Advancing Medicine in 140 Characters or Fewer
On the eve of Election Day 2016, Twitter was determined to be the largest source of breaking news with a reported 40 million tweets. Donald Trump's fondness for Twitter was evident throughout his presidential campaign and the election may have inadvertently given spark to a form of social media that was stagnant for several years and on the verge of collapse. Twitter was created in 2006 as an online news and social networking service. It was the brainchild of four computer programmers who wanted a new way to send texts on their cellphones. Despite what preconceived notion there may be about Twitter, it is not just a way to tell your friends what you ate for lunch. It has evolved into a powerful communication tool with great potential for medical applications.
Twitter has gone beyond its 140-character limit to include photos, video, links to journal articles and even polling options. These capabilities position Twitter as a primary means for the instantaneous dissemination of news. It is this capability that also makes it a prime use in academic medicine. It was no more evident than at the American College of Cardiology's 66th Annual Scientific Session and Expo (#ACC17) where in the span of three days, over 47,000 tweets and almost 232,000,000 impressions occurred among 15,000 Twitter participants. An average of 861 tweets occurred per hour (Figure I). Twitter helped disseminate real-time breaking news of scientific research and updates on cardiovascular care by thought leaders to thousands who were not in attendance. ACC.17 was a clear demonstration of how Twitter allows clinicians, educators and researchers to communicate with one another.
In addition to bringing medical conferences to the physician, Twitter can bring the world of academic medicine closer together. It allows individuals to reach one another and discuss their research interests online rather than in-person at conferences. Twitter can help connect investigators across institutions to share and vet ideas providing for instantaneous feedback and validation of one's work. It can also serve as a tool for recruiting patients for clinical trials, as well as a means to engage practicing physicians and educate the public regarding treatment and advances in medicine.
The perceived quality of a journal is currently determined by its impact factor, the measure of frequency of which the average article in a journal has been cited in a particular year. It is conceived that within the foreseeable future, a journal's impact factor will be determined not only by the number of times it is cited in the literature, but also by the frequency of which the article is mentioned or referenced on Twitter. At the least, it will bring attention to articles that may go unrecognized and uncited. Tweets have been shown to predict highly cited articles within the first three days of article publication.
Twitter has become a way for academicians to disseminate and promote their work to a much broader audience, beyond the subscription ranks of a particular journal. For the non-academician, Twitter has become an important resource to keep up with medical literature in real time. It also allows the reader to serve in an important capacity as a post-publication peer reviewer providing critical commentary, putting the author and journal's reviewers on notice.
Cardiologists on both sides of the Atlantic Ocean have clearly shown a fondness for Twitter as demonstrated by SYMPLUR analysis (Figure 1) and its use has been encouraged by the ACC and the European Cardiology Societies. However, this is not true for all meetings and organizations. At this year's American College of Physicians Annual Scientific Session (#IM2017), the presence of Twitter was barely noticeable. Although not a forum for breaking scientific research like ACC.17, academicians were providing updates and clinical pearls in internal medicine to an international assembly of physicians. Yet when it comes to Twitter, a pin dropping could be heard within the walls of the conference center. Was this a missed opportunity to share knowledge and foster a dialogue about best clinical practice?

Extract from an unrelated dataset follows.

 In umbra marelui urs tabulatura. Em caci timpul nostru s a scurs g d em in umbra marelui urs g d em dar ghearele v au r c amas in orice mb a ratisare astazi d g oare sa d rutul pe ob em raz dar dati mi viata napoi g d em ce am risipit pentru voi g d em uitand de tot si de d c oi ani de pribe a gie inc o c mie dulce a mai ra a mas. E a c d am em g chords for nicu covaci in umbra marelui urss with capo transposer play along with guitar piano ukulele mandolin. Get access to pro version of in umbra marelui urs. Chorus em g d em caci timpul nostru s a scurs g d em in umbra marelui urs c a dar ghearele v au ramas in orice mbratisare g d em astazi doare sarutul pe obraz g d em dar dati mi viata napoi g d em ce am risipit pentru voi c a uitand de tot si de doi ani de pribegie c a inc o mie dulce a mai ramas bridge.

Just as Twitter has the power to promote, it has the power to punish. At this year's American Diabetic Association's (ADA) Annual Meeting, attendees were specifically asked to remove tweets of presenters' slides due to perceived copyright infringement. This created a social media furor for the ADA, with the focus of the ADA hashtag causing the Twitter ban and not the science being presented at the meeting. Despite the many perceived benefits of Twitter, it appears that certain organizations and a significant population of the health care profession remain wary of engagement. Is it the term social media that frightens physicians from participating? Is there a certain lack of control that professional organization are not willing to engage?

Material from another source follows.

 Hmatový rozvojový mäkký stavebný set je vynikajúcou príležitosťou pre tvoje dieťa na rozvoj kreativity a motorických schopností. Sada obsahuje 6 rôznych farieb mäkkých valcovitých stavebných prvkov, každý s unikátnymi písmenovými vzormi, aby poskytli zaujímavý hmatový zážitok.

As we have witnessed with many things in medicine, including government regulations, health insurance reform and electronic health records, physicians have been slow to become engaged with change and often struggle to catch up. The same will be true for social media if we do not take the time to explore how it can help us in our individual roles as practicing physicians, educators and researchers. It is imperative that our professional organizations recognize the emerging power of social media and help us in this journey by leading the way as the ACC has.